CD review by Tony Smith
Long ago my partner and I had the pleasure of forming a renaissance/ baroque ensemble with one of the handful of Australia’s viola da gamba players.
The gamba gets its name because unlike the cello which has a spike, it is held in the knees.
It also has six strings and frets of gut.
It originated in the French royal courts and many listeners would have heard some of the music of composer Marin Marais, such as when the prolific Jordi Savall plays ‘All the Mornings of the World’.
Jenny Eriksson is perhaps Australia’s best known gamba player.
Strictly speaking, it is the tenor viol which is the gamba.
A full ‘chest’ includes a soprano and a bass.
Jenny formed an ensemble named the ‘Marais Project’ which continues to produce beautiful music from the traditional repertoire as well as original works.
Voice and lute have proven suitable partners for the viol.
Jenny is also Australia’s only electric gamba player.
This modern instrument has led Jenny to a new set of collaborations in the group Elysian Fields.
The band comprises: Eriksson; Susie Bishop on fiddle and in voice; composer, arranger and saxophonist Matt Keegan; jazz pianist Matt McMahon; bassist Siebe Pogson; and, percussionist Dave Goodman.
This extremely talented and versatile ensemble seemingly effortlessly produced in 2020 this album of nine tracks, featuring in a perfectly natural combination, relaxing jazz and Swedish folksongs.
Jan Gunnar Hoff’s ‘Living’ is a fine ear catching opening and Matt Keegan’s ‘Cold Soul’ exploring the Scandinavian landscape is another compelling instrumental.
Eriksson’s ‘Lat till Far (Tune to my father)’ neatly encapsulates the cross fertilisation between jazz, folk song and viol.
Jenny was introduced to the tune by Tommie Andersson who plays lute in the Marais Project and they expanded it into a suite of Swedish folk songs.
Here, Matt McMahon’s arrangement uses a trio version with piano, violin and viol.
Eriksson’s arrangement of music from Hoff’s mass ‘Meditatus’ might also be classified as an instrumental with its sparse Latin lyrics.
Tommie Andersson’s influence is strong also in the songs he translates.

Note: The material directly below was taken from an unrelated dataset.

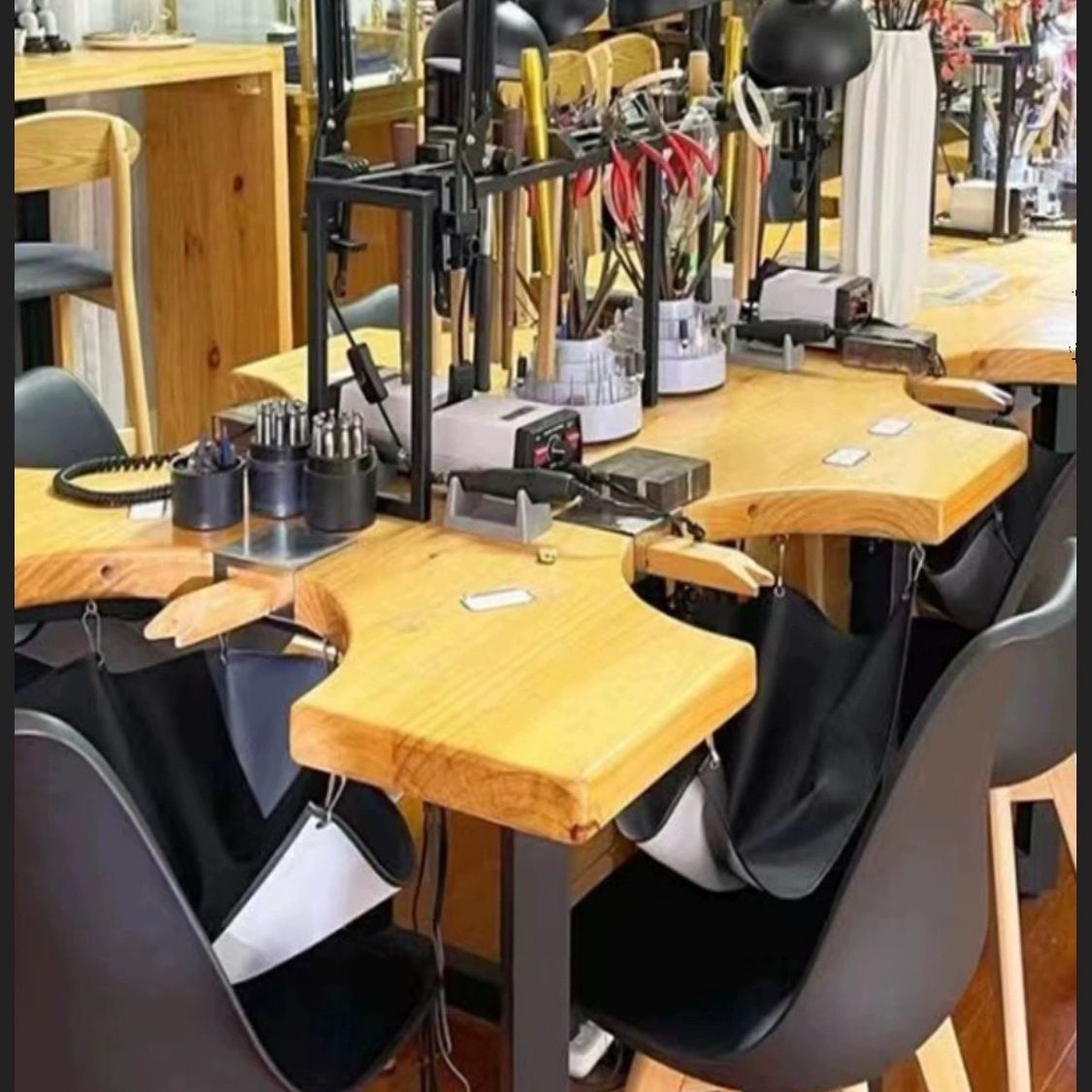 ジュエリー金属加工テーブル、ダブル無垢材金加工テーブル、6人用金属加工テーブル、ジュエリー金銀加工テーブル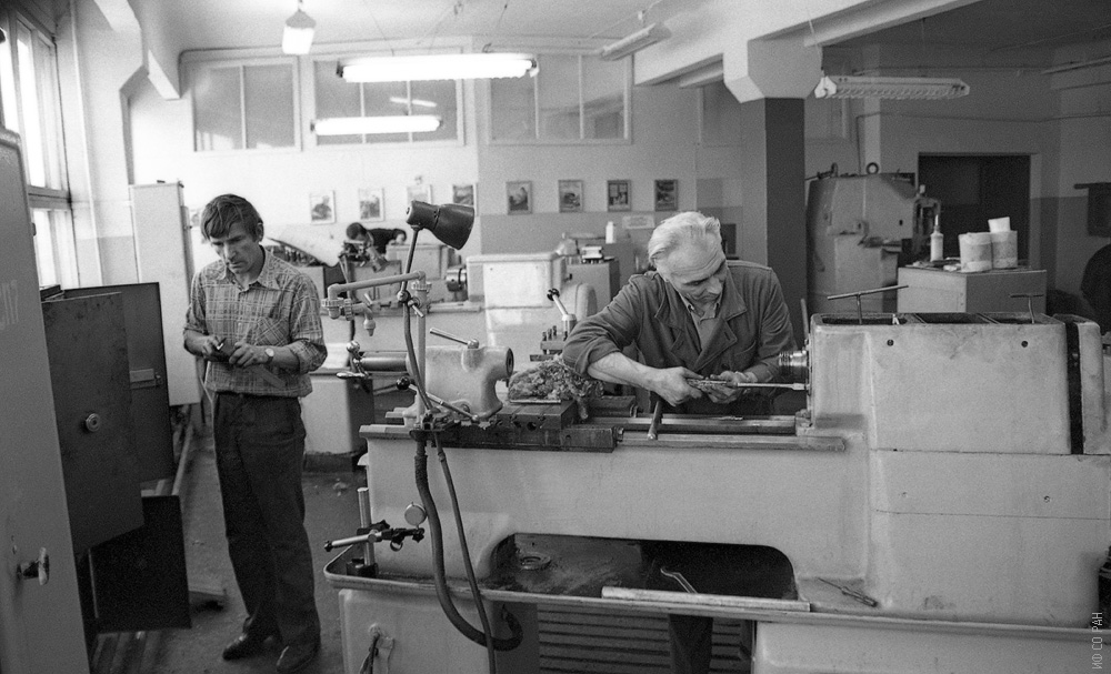 Коротких Илья Тимофеевич (слева), окончил Красноярский машиностроительный техникум, токарь экспериментальных механических мастерских. Считался мастером на все руки. Фото 1983 года.

These include ‘Peace on Earth’, ‘We are going to put on a fun dance’ and ‘When I was in my eighteenth year’, all given poignant expression by Bishop, who continues to impress with her versatility and energy.
Susie has already demonstrated huge talent with composition and voice with Chaika and on fiddle and vocal harmony with Miriam Lieberman.
Here she shows the benefits of opera studies and trips to Sweden as she makes the world of Scandinavian song her own.
‘The Tragedy’ by Siebe Pogson was commissioned by Eriksson and he presents part of a longer work here with original lyrics in English.
‘Believe Beleft Below’ has been adapted by Eriksson from the playing of the Esbjorn Svensson Trio with words by Josh Haden.
It features Keegan’s sax and Bishop’s soprano voice.
It sounds very much like a lullaby and makes a perfect ending for a generally superb album.
‘Fika’ translates roughly as ‘time out with friends’.
The instrumentalists of Elysian Fields clearly have a common vision of their ensemble roles.
While the melodic soloists and arrangers on FIKA stand out at different times, it is worth mentioning the subtle rhythm backing of Dave Goodman.
It is rare to find drum work which is so unobtrusive and blends so well with instruments and voice.
The fine teamwork is a great credit to Jenny Eriksson’s ability to enthuse and channel such diverse and prodigious musical talent.